A spectrum and a scale are 'related' when the spectrum's dissonance curve has minima at the scale's steps
Sethares’ key design principle: a spectrum S and a scale T are ‘related’ if, when two sounds with spectrum S are sounded at each interval in T, the resulting sensory dissonance is low (i.e., the dissonance curve of S has local minima at the scale steps of T). Related pairs are ‘natural’ for each other: the scale exploits the consonant intervals of the spectrum, and the spectrum reinforces the harmonic logic of the scale. This is a two-way relationship: given a spectrum, compute the related scale (find minima of the dissonance curve). Given a scale, find or synthesize a related spectrum (solve the inverse problem). The principle unifies Western, gamelan, Thai, and xenharmonic music under one framework: each is a different matched spectrum-scale pair.
Examples
Harmonic spectrum → related scale has minima near JI ratios → Western diatonic/chromatic scales.

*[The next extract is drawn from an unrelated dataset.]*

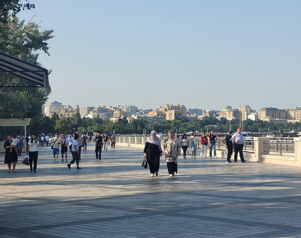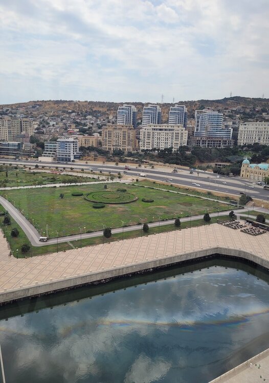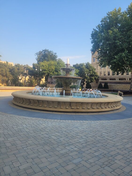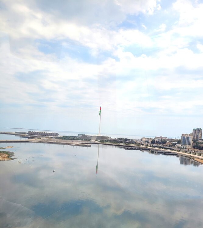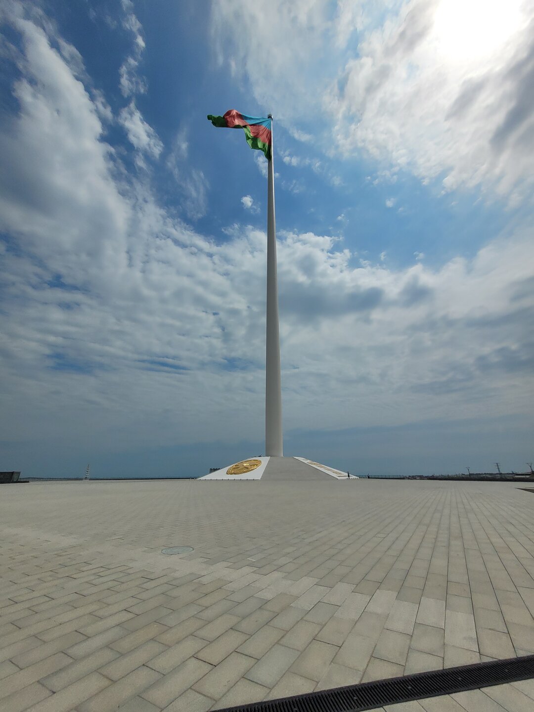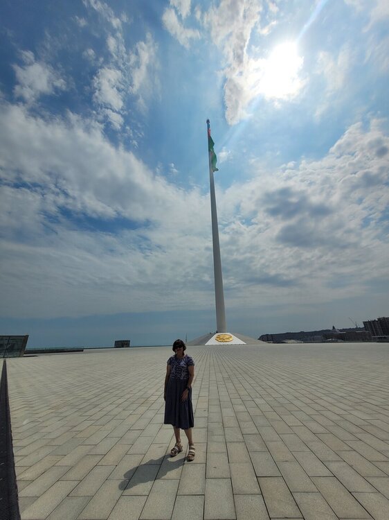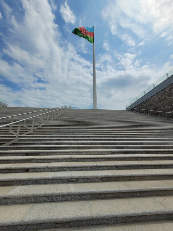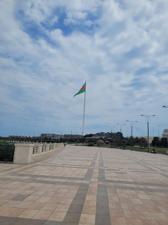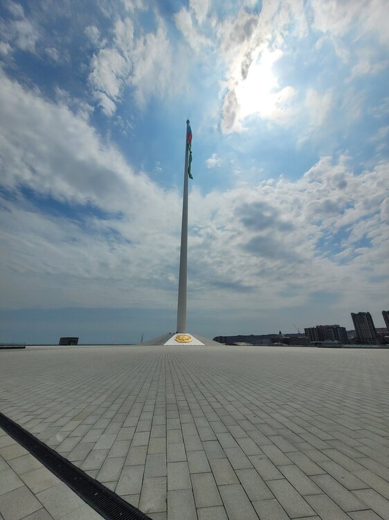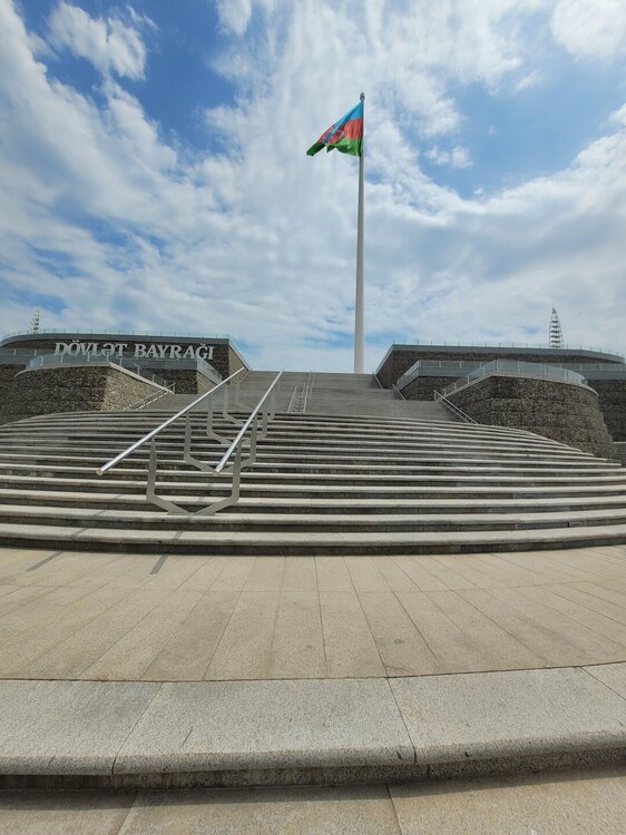20250726_141445.mp4 Как говорят, на этой площади расположен не просто огромный или большой флаг, а реально гигантский. Со стороны, вернее издалека, он не казался таким уж большим, флаг и флаг, но когда мы подошли почти вплотную к этой площади, вот тогда и стало понятно, насколько флагшток огромный, да и флаг был не меньше. Открытие площади состоялось 1 сентября 2010 года. До 2011 г. флагшток, который был установлен на площади, считался самым высоким в мире - 162 м и даже попал в Книгу рекордов Гиннесса. Но затем это достижение перебил Душанбе. В 2017 году Площадь Государственного флага и музей были закрыты на ремонт в связи с реставрационными работами. И лишь спустя 6 лет, в 2024 году вновь открыты. И с того дня, самый большой флаг в мире развевается на этой площади. Вес флага впечатляет - 350 килограмм, а высота флагштока - 191 метр, что тоже впечатляет. Но именно здесь, на этой площади, все стереотипы о том, что Баку - город сильный ветров, разрушился напрочь. Находясь на этой площади, рядом с таким мощным флагштоком и не менее величественным флагом, ну как было не сфотографироваться на их фоне. Но не тут то было. Я хотела, чтобы он прям развивался. Но нет, флаг просто упал и ему было всё-равно, чего хотела я. При чём, когда мы ещё только поднимались, флаг как порядочный развевался во все стороны, показывая нам, насколько он мощный. Но стоило нам подняться, флаг решил, что пока мы поднимались, разглядели его во всех ракурсах и он тут же сразу опустился. Честно сказать, я пыталась с ним как-то договориться, но увы, флаг никак не хотел больше развеваться. Я честно сказать ещё на что-то надеялась, но никакие уговоры на флаг не действовали. И да, место выбрано для площади не случайно, именно отсюда национальный флаг можно увидеть из разных точек столицы. На площади также создан Музей Государственного флага. Я сначала рассматривала его для посещения, но всё же отказалась этой идеи. Что могу сказать? Площадь очень красивая. Очень ухоженная набережная. Народ относится невероятно бережно и с любовью ко всему, что связано с их страной. И очень заметно, что правителям страны, также, не все-равно в каком состоянии находится их город.
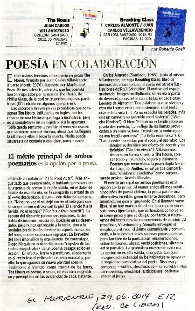 Autores chilenos - Almonte, Carlos - Breaking Glass - Villavicencio, Juan Carlos - The Hours

Gamelan metallophone spectrum (inharmonic) → related scale has minima near pelog or slendro intervals → Javanese gamelan scales. Ideal bar spectrum → related scale has minima near 7-tet steps → Thai pi phat tuning.
Assessment
You analyze an instrument and find its spectrum has prominent partials at 1.0, 1.87, 3.51, 5.67 (relative to fundamental). Describe the procedure to determine its related scale. What would you expect to find, qualitatively, if this instrument evolved in a musical tradition — what scale would that tradition likely use?